Resiliparse language tools.
Fast Language Detection
Resiliparse has a very fast n-gram-based language detector for 101 languages that can be used for fast bulk tagging of many input texts. The model is extremely simple and runs in linear time with only a single pass over the text, making it much faster than other language detection tools.
from resiliparse.parse.lang import detect_fast as d print(d('''Call me Ishmael. Some years ago—never mind how long precisely—having little or no money in my purse, and nothing particular to interest me on shore, I thought I would sail about a little and see the watery part of the world.''')) # >>> ('en', 426) print(d('''Als Gregor Samsa eines Morgens aus unruhigen Träumen erwachte, fand er sich in seinem Bett zu einem ungeheueren Ungeziefer verwandelt.''')) # >>> ('de', 596) print(d('''Le 24 février 1815, la vigie de Notre-Dame de la Garde signala le trois-mâts le Pharaon, venant de Smyrne, Trieste et Naples.''')) # >>> ('fr', 616)

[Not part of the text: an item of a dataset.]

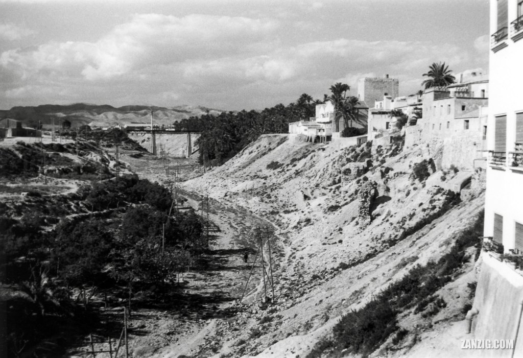 APRIL 1957 – View across the river bed formed by the Rio Vinalopó in Elche, Spain. Scan © Mark Zanzig/zanzig.com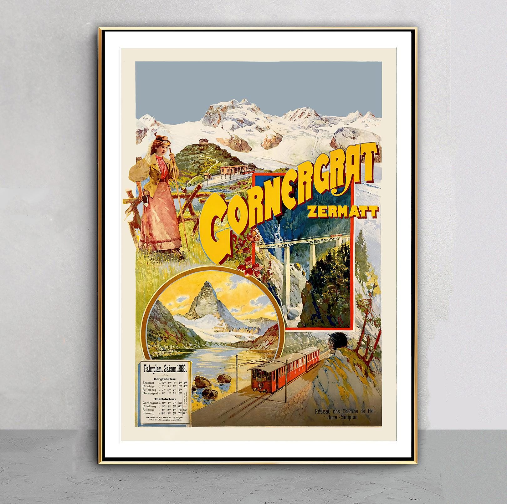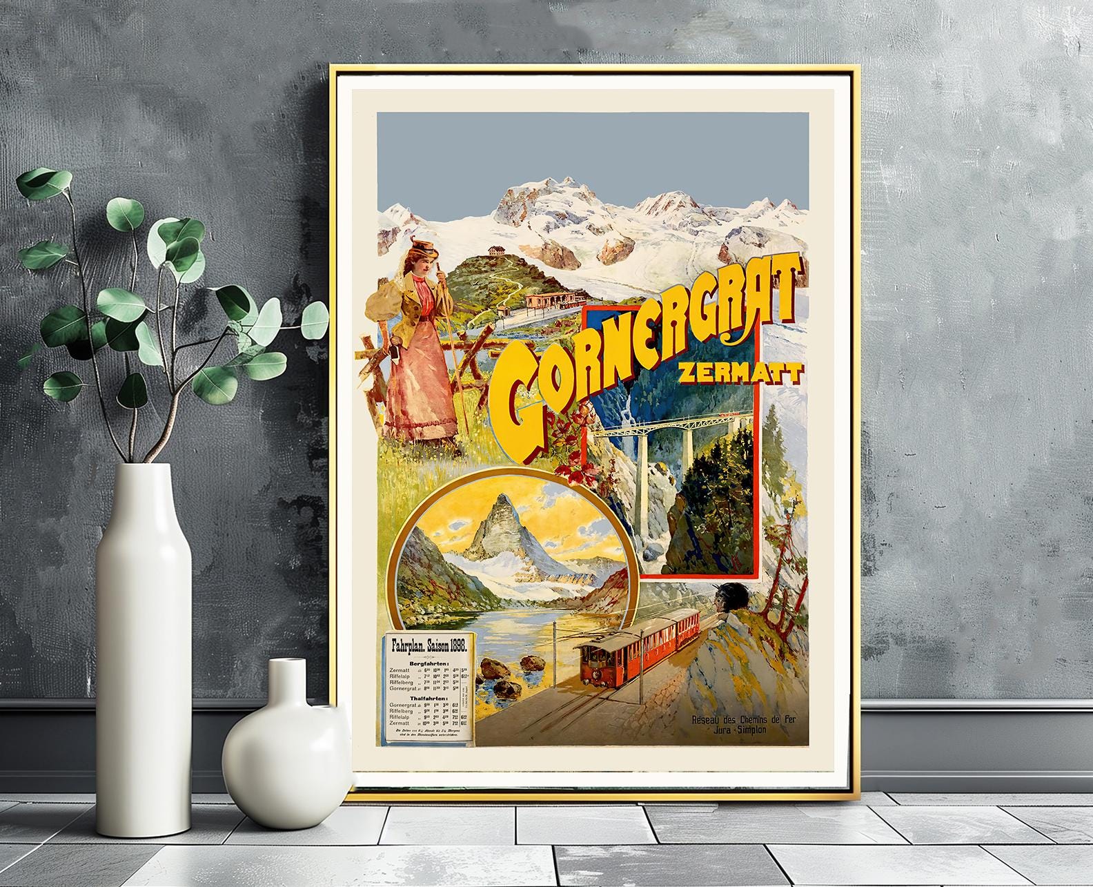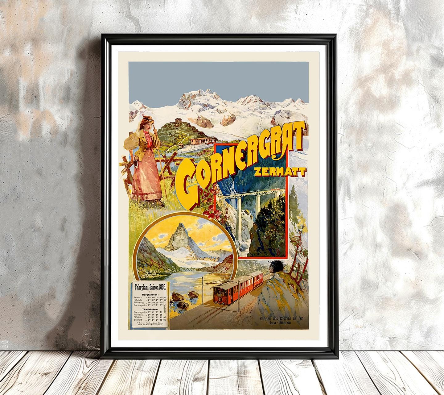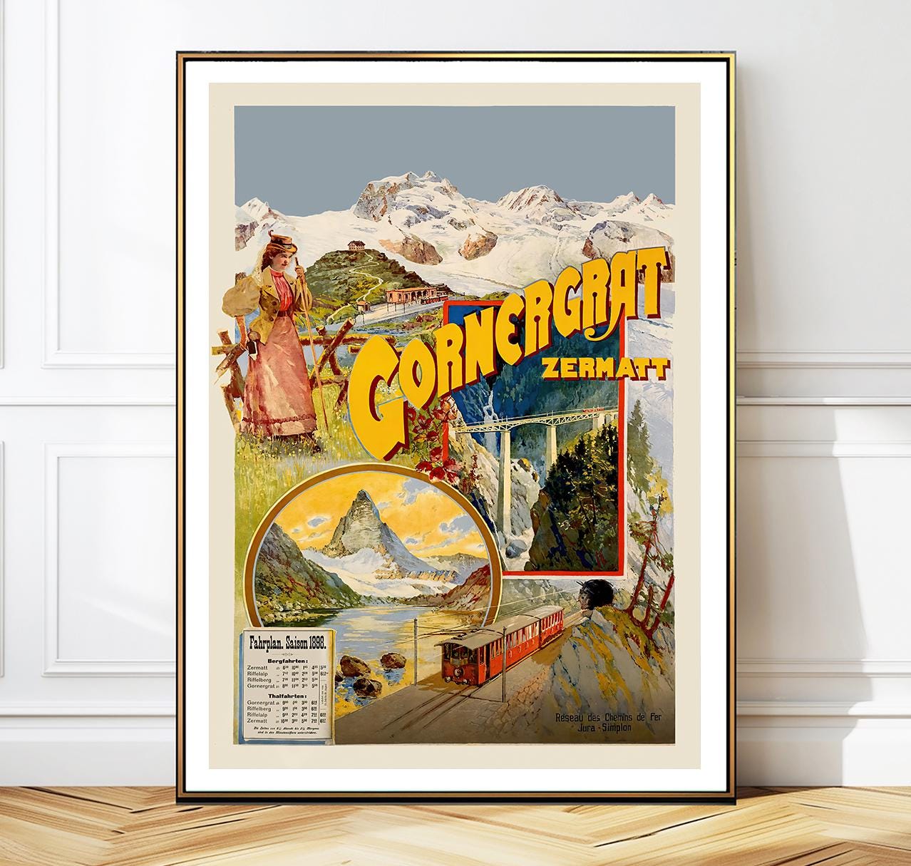 Vintage Gornergrat Zermatt Travel Poster: Swiss Alps Print

detect_fast() returns a tuple with the detected language and its out-of-place measure, a rank-order value indicating how much the text’s n-gram ranks differ from the closest pre-trained language profile. The lower the value, the more accurate the prediction probably is. Values above 1200 are most likely false results. Longer input texts usually lead to much lower rank values and hence more accurate results.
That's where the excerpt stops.